1/1/11I'm a numbers person. I get excited about unique number combinations...especially on dates. Gage was born 8/8/98 at 8:16 am...Drake at 11/10/00...Cora was born on Kait's half birthday. I think about these things...and this year, this day being 1111 - that has got to mean something...right?
I feel like something HUGE is on our horizon. Work is going well and there are rumors of career growth swirling (promotion? raise?? We'll see...). We are <--THIS--> close to home ownership and a promotion/raise would be so helpful in getting that ball rolling. While I'm not necessarily seeing a Florida future any longer...I am seeing a farmhouse and animals - but more importantly, I am seeing wide-open spaces. I cannot wait to open a door and just telling Drake and our dog Blue to run...watching them run across our land until they are just dots in the distance. Drake told me yesterday that he's looking forward to being in the country and seeing all the stars....Bliss.
I'm not sure how I feel about new years resolutions...It seems that most people make there grandiose resolutions and by the second week of the year they feel that they have failed themselves. I like the idea of making goals and guidelines for the coming year and celebrating when the goals come to reality. Ah sure I need to lose weight, eat better...blah blah blah. But in reality I feel that those things will come. Imagine a time where we can go to our backyard and pick apples, pears and some berries and make a salad...knowing that they are free of chemicals and grown with love. That MEANS healthier eating and hopefully will lead to weight loss. So if I set the larger goals...the smaller goals will trickle down. I also think about my goal of keeping better contact with friends and family - but right now, that is so difficult because of the space in this apartment.
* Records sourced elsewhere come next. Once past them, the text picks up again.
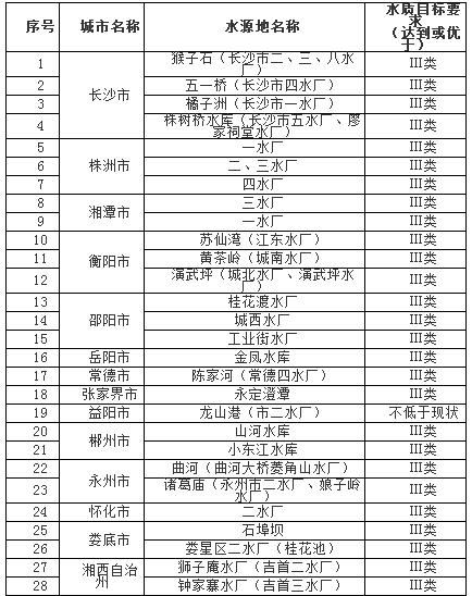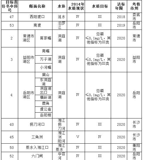 其中:洞庭湖水環(huán)境質(zhì)量大幅改善,到2020年,除總磷≤0.1mg/L外,洞庭湖湖體其他指標(biāo)達(dá)到Ⅲ類水質(zhì)要求。益陽皇家湖、后江湖、三仙湖,岳陽南湖、芭蕉湖、東風(fēng)湖,常德珊珀湖等內(nèi)湖水質(zhì)達(dá)到水環(huán)境功能區(qū)目標(biāo)要求;湘江漣水西陽渡口、汨羅江南渡等斷面水質(zhì)達(dá)到年度考核目標(biāo)要求;地級城市集中式飲用水水源水質(zhì)達(dá)到或優(yōu)于Ⅲ類比例高于 96.4%;地下水考核點位水質(zhì)保持穩(wěn)定。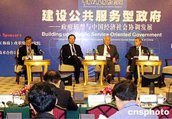 眾多政府官員、外國大使與國內(nèi)外一批著名專家學者十月三十日云集?,出席正在此間舉行的中國改革國際論壇,就政府轉(zhuǎn)型相關(guān)問題進行深入探討。圖為高尚全、衛(wèi)留成、陳錦華、科勒德克(從左到右)在論壇上。作者:顧時宏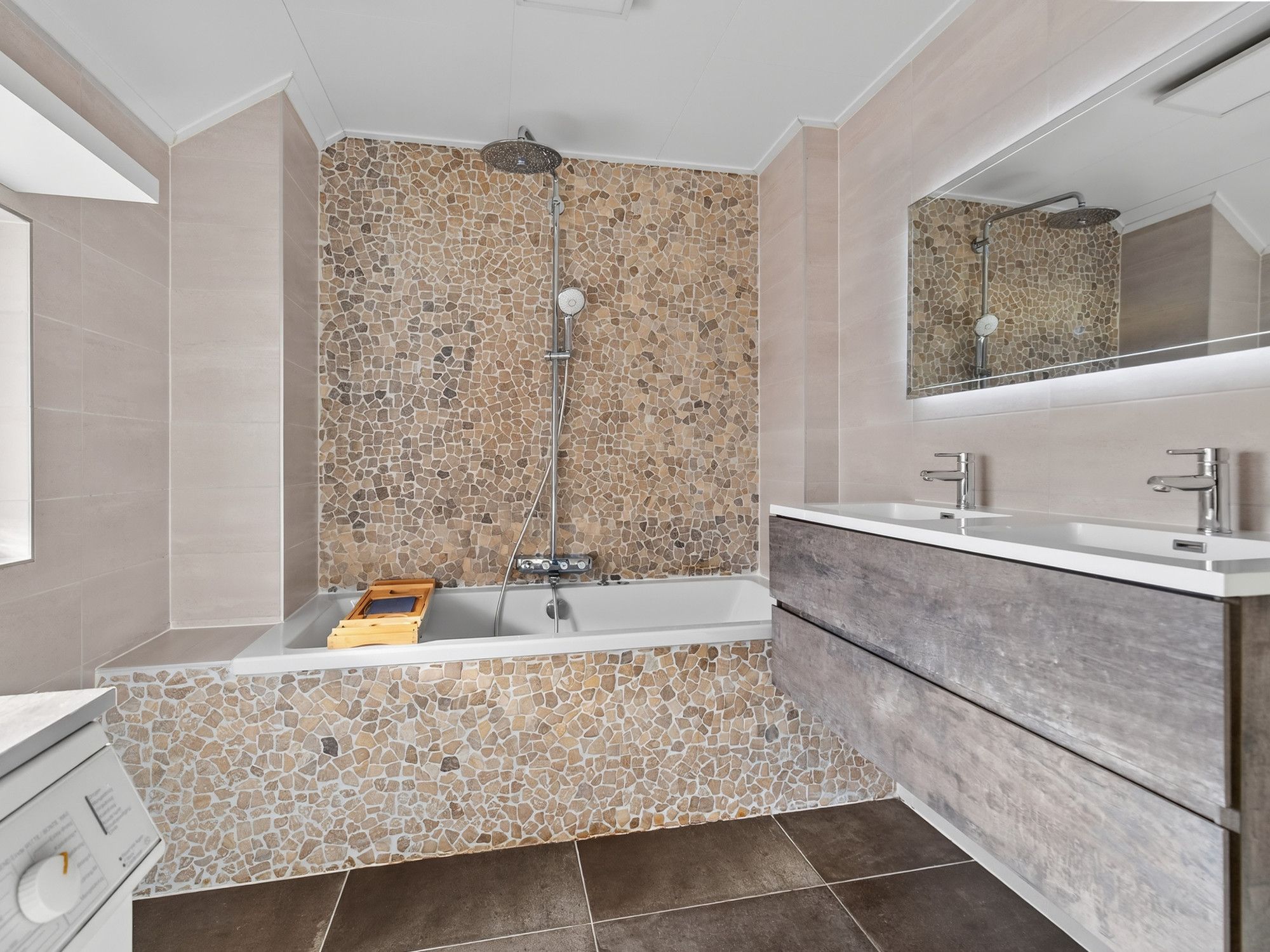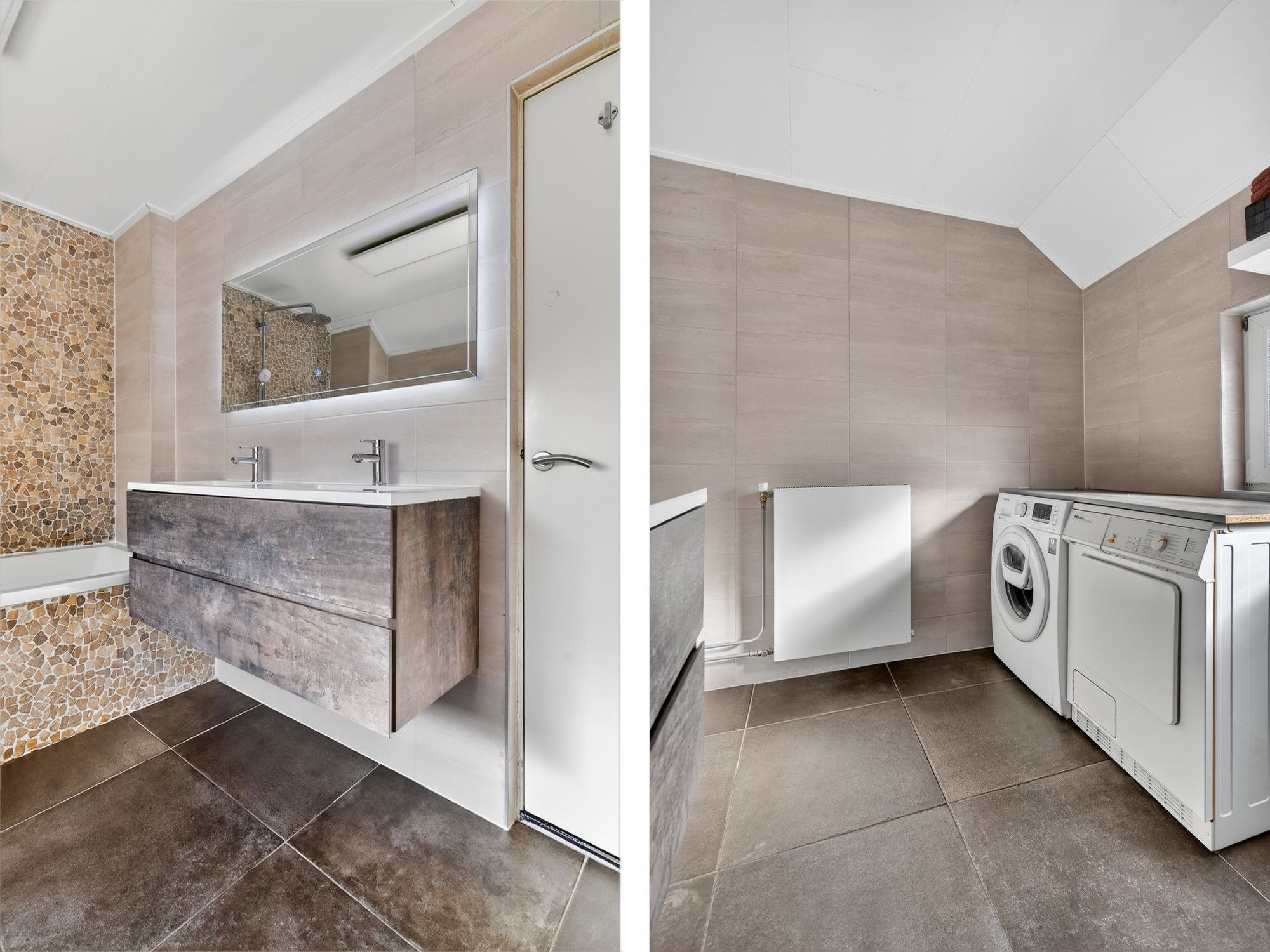 De hal is betegeld en voorzien van een meterkast, garderobe, aparte toiletruimte met sensorverlichting, toegang tot de badkamer, woonkamer, kelder en de trap naar de eerste verdieping. De badkamer is modern uitgevoerd met twee wastafels en een meubel, witgoedaansluiting, een ligbad met bubbelbadfunctie, douchekop en spiegel met verlichting.

We don't feel comfortable inviting people over. The place is bursting with just the seven of us in it. However, when we have a farm house with open spaces, indoor and out, we can feel comfortable inviting people over for celebrations...or just because.
While I am thankful for 2010...we made so many memories this year...but we've also had a lot of frustration, heartache and a feeling of being in limbo. It feels good to look forward to a brand new year...a year with good numbers...a year of high expectations. Thank you for coming along for the ride.